# Custom Named Entity Recognition on Medical Data

Named entity recognition (NER for short) is an aspect of natural language processing that is used to extract words of interest in a block of text. 

Many natural language processing models like spacy, bert etc are trained to recognize different words in a corpus, a paragraph or an article. These models have been trained on massive data and they come handy for general categories like name of a person, country, and organization. Spacy also has some scispacy models that you can download and use to recognise medical  words, drugs and chemicals.

However, you will most likely have words of interest that the pretrained models can’t recognise. In that case, you will need to train a model for your use case. Depending on the field, the words of interest are annotated and used to train a chosen NER model. In this tutorial, we’ll try our hands on training a custom NER model using a blank spacy model.

Spacy has pre-trained small, medium and large models. It also has scispacy which is a library containing models that can be used to extract illnesses, drugs and chemicals. It has been noted that it’s challenging to retrain a pre-trained spacy library in order to add new words to the model. To this end, we need to take a blank medium spacy model and train it with our annotated data from scratch.

We are going to use a dataset from kaggle which is already annotated. You can download the data from this link. 

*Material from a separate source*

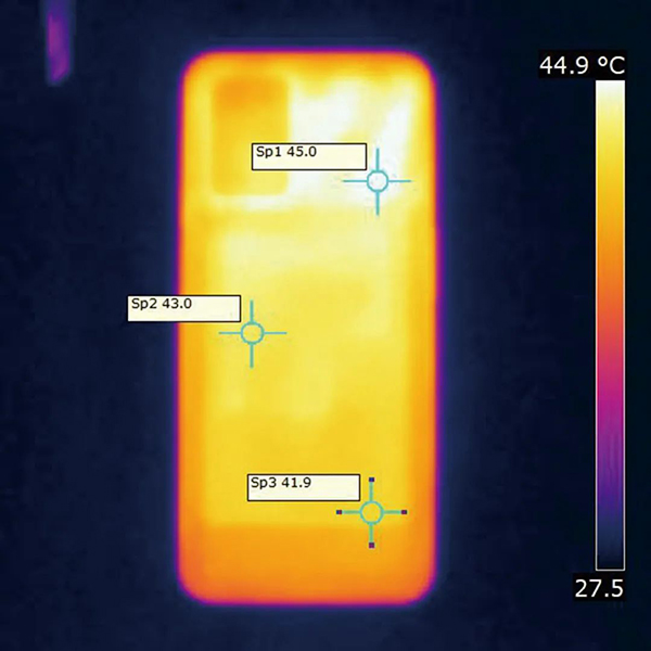 10分鐘《原神》游戲后,通過(guò)紅外測(cè)溫儀測(cè)得realme真我Q3機(jī)身最高溫度為45℃。

https://www.kaggle.com/datasets/finalepoch/medical-ner



## Import the necessary libraries


In [1]:
import spacy
import json
from spacy import displacy
from spacy.tokens import Doc, DocBin
from spacy.util import filter_spans
from tqdm import tqdm

You need to download the large version of spacy model for more accuracy.



In [4]:
!python -m spacy download en_core_web_lg --user

Collecting en-core-web-lg==3.3.0
  Downloading https://github.com/explosion/spacy-models/releases/download/en_core_web_lg-3.3.0/en_core_web_lg-3.3.0-py3-none-any.whl (400.7 MB)
     ------------------------------------ 400.7/400.7 MB 388.2 kB/s eta 0:00:00

DEPRECATION: https://github.com/explosion/spacy-models/releases/download/en_core_web_lg-3.3.0/en_core_web_lg-3.3.0-py3-none-any.whl#egg=en_core_web_lg==3.3.0 contains an egg fragment with a non-PEP 508 name pip 25.0 will enforce this behaviour change. A possible replacement is to use the req @ url syntax, and remove the egg fragment. Discussion can be found at https://github.com/pypa/pip/issues/11617



Installing collected packages: en-core-web-lg
Successfully installed en-core-web-lg-3.3.0
[+] Download and installation successful
You can now load the package via spacy.load('en_core_web_lg')

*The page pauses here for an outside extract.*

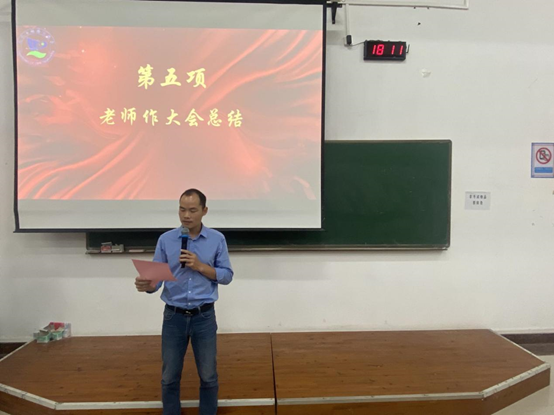 罗勇老师为本次大会做总结,他强调要学习优良学风班级的建设经验,向优良学风班看齐,并且提出三点要求:一是树立规律意识,校纪校规记心中;二是加强班级管理,营造优良学风;三是班级之间互帮互助,加强班级凝聚力。

In order to use the model, we’ll load it and assign it to a variable


In [5]:
nlp = spacy.load("en_core_web_lg")
nlp

<spacy.lang.en.English at 0x2943b0fd3f0>

Let’s try it on a simple sentence.

In [6]:
doc = nlp('Elephants are found in Africa and India')

Spacy ner has a number of properties that we can check. One of them is doc.ents which shows us the entities that spacy is able to recognise. We can see that spacy model has recognized two entities in this sentence.


In [7]:
doc.ents

(Africa, India)

We can display the entities using displacy library from spacy.


In [8]:
displacy.render(doc, style="ent", jupyter=True)

## Custom NER


In order to find custom entities that may not be in spacy’s model, we can annotate our own text data and train a blank spacy model to recognise our own specific entities. However, we are going to download data from kaggle that comprises text data and annotated entities and other metadata in json format.

https://www.kaggle.com/datasets/finalepoch/medical-ner

Open a folder and extract the Corona2.json file. Load the json file and assign it to a variable.


In [9]:
# import json
with open('Corona2.json', 'r') as file:
    data = json.load(file)

Let's check a sample of the data.

In [10]:
data['examples'][1]

{'id': '487c93e3-0d45-4088-a378-cf3a01c8953d',
 'content': 'Diarrhea, also spelled diarrhoea, is the condition of having at least three loose, liquid, or watery bowel movements each day.[2] It often lasts for a few days and can result in dehydration due to fluid loss.[2] Signs of dehydration often begin with loss of the normal stretchiness of the skin and irritable behaviour.[2] This can progress to decreased urination, loss of skin color, a fast heart rate, and a decrease in responsiveness as it becomes more severe.[2] Loose but non-watery stools in babies who are exclusively breastfed, however, are normal.[2]',
 'metadata': {},
 'annotations': [{'id': '28601a42-c8a9-44e2-aeea-8939cb1db1a9',
   'tag_id': '03eb3e50-d4d8-4261-a60b-fa5aee5deb4a',
   'end': 382,
   'start': 364,
   'example_id': '487c93e3-0d45-4088-a378-cf3a01c8953d',
   'tag_name': 'MedicalCondition',
   'value': 'loss of skin color',
   'correct': None,
   'human_annotations': [{'timestamp': '2020-03-21T00:23:08.961000Z

The data is a nested json object. Let’s see the keys.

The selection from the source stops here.